Another analyst, Peter Takaendesa, portfolio manager at Cape Town-based Mergence Investment Managers, says: “[Telkom] are increasing their borrowing in order to fund the mobile business as it is not generating enough cash to fund itself. It still needs to be funded either from borrowing, or to lean on the core fixed-line business’s operating cash flow and property disposals. But for now, most of that funding has been coming from borrowing.

“So the borrowing has been going up and that is really the key issue for Telkom going forward: how do they keep growing the mobile business without damaging the balance sheet?

“That’s one area the board and management have to focus on. To say how they go forward, I know they may be saying to themselves this mobile business will start generating enough cash but so far the market is not yet convinced about that because it’s still not generating enough cash to fund its expansion.
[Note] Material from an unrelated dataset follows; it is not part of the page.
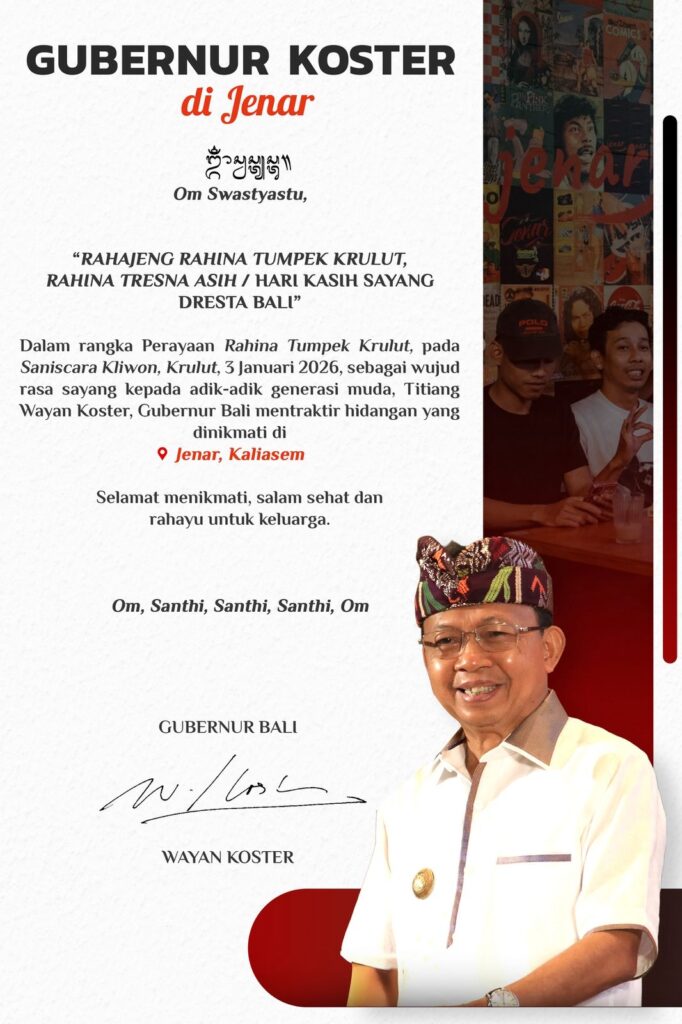 Peringatan Rahina Tumpek Krulut, Gubernur Bali Wayan Koster berbagi kasih dan dimaknai sebagai Rahina Tresna Asih atau Hari Kasih Sayang menurut Dresta Bali pada Saniscara Kliwon, Krulut, Sabtu (3/1/2026). Koster mentraktir hidangan makanan dan minuman khas Bali yang bisa dinikmati di tiga lokasi usaha lokal Bali. Adapun lokasinya meliputi: Jenar, Kaliasem; Tan-Panama Coffee, Jalan Veteran; […]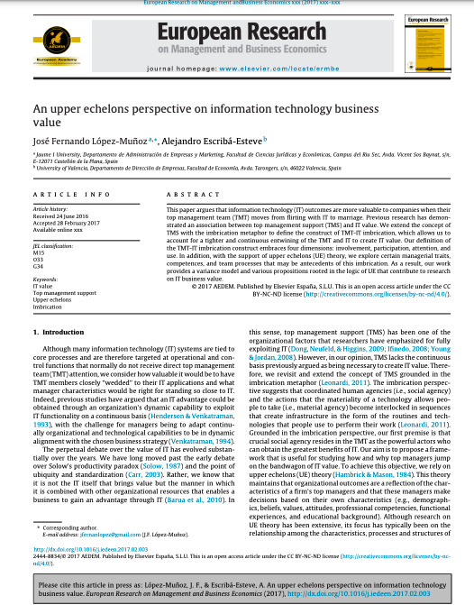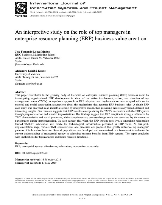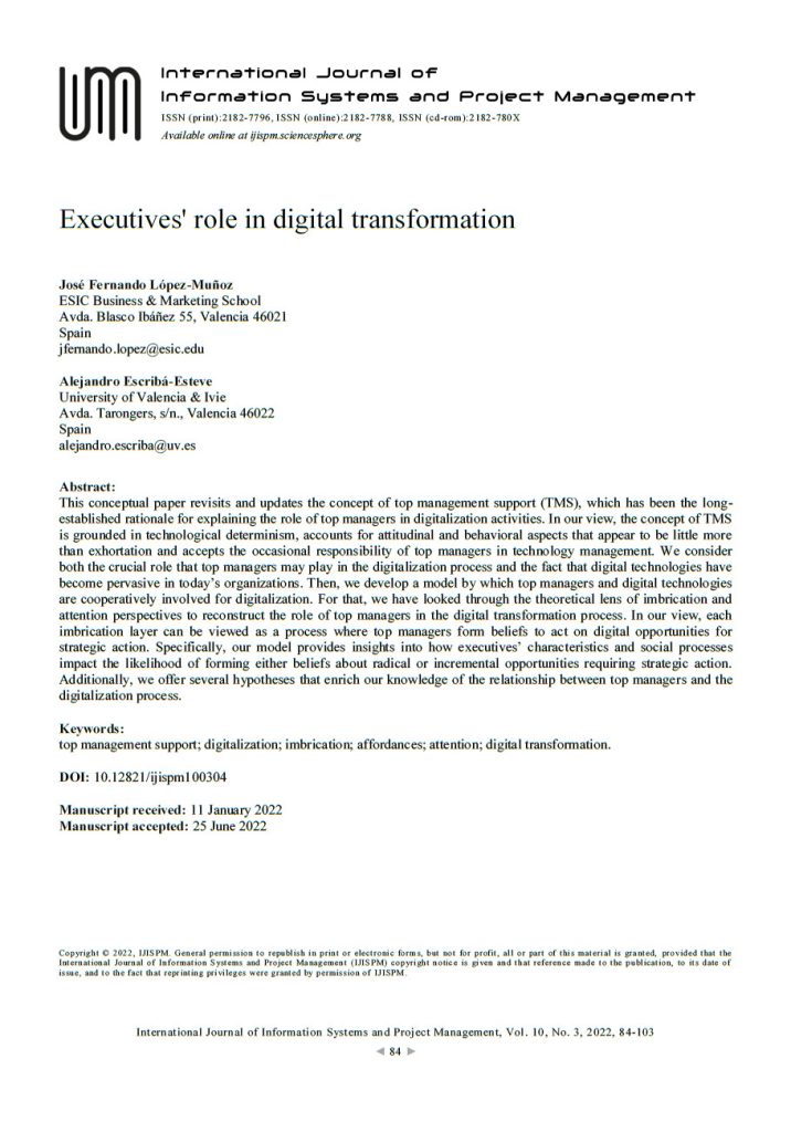 López Muñoz, J.F. & Escribá-Esteve, A. 2022. Executives’ role in digital transformation, International Journal of Information Systems and Project Management, 10 (3): 84-103

“As a result, they are paying a dividend, which is 60% of their earnings, meaning they are only retaining in the business about 40% of operating profit to fund growth. So the dividend is taking away most of the cash from their operations and the only way they have to fund the growth of their mobile business is to borrow more money from the debt market.”

Additionally, Takaendesa argues: “If they say the mobile business will, in a year or two, start to fund its own growth, I think that will be solved. However, I think before we get to that, the market is concerned the balance sheet keeps gearing and that may become an issue if something goes wrong.”

However, Takaendesa believes the R2 billion loss of value will not necessarily affect the company “because they don’t really need to raise equity in the market as their balance sheet is still okay for now”.

“I think what this has really done is put question marks in investors’ minds to say ‘we want to see more details as to what drove this earnings miss’ because it was big earning miss. You don’t come from growing earnings – they grew earnings for FY19 to March 2019 by 4% – then you come out the next six months and say ‘headline earnings are down 30-40%. It’s a big change in trend, which makes the market think what else we are missing.”

According to Takaendesa, to some extent, the market expected the finance costs to increase. “It’s only that they [costs] increased by more than what was expected but what else in the operations has not been disclosed as yet? That significant loss yesterday made people start questioning.”

Telkom’s share price nosedived by more than 8% yesterday after the announcement. At the time of publishing today, it had regained 0.82% lost ground, trading at R63.03.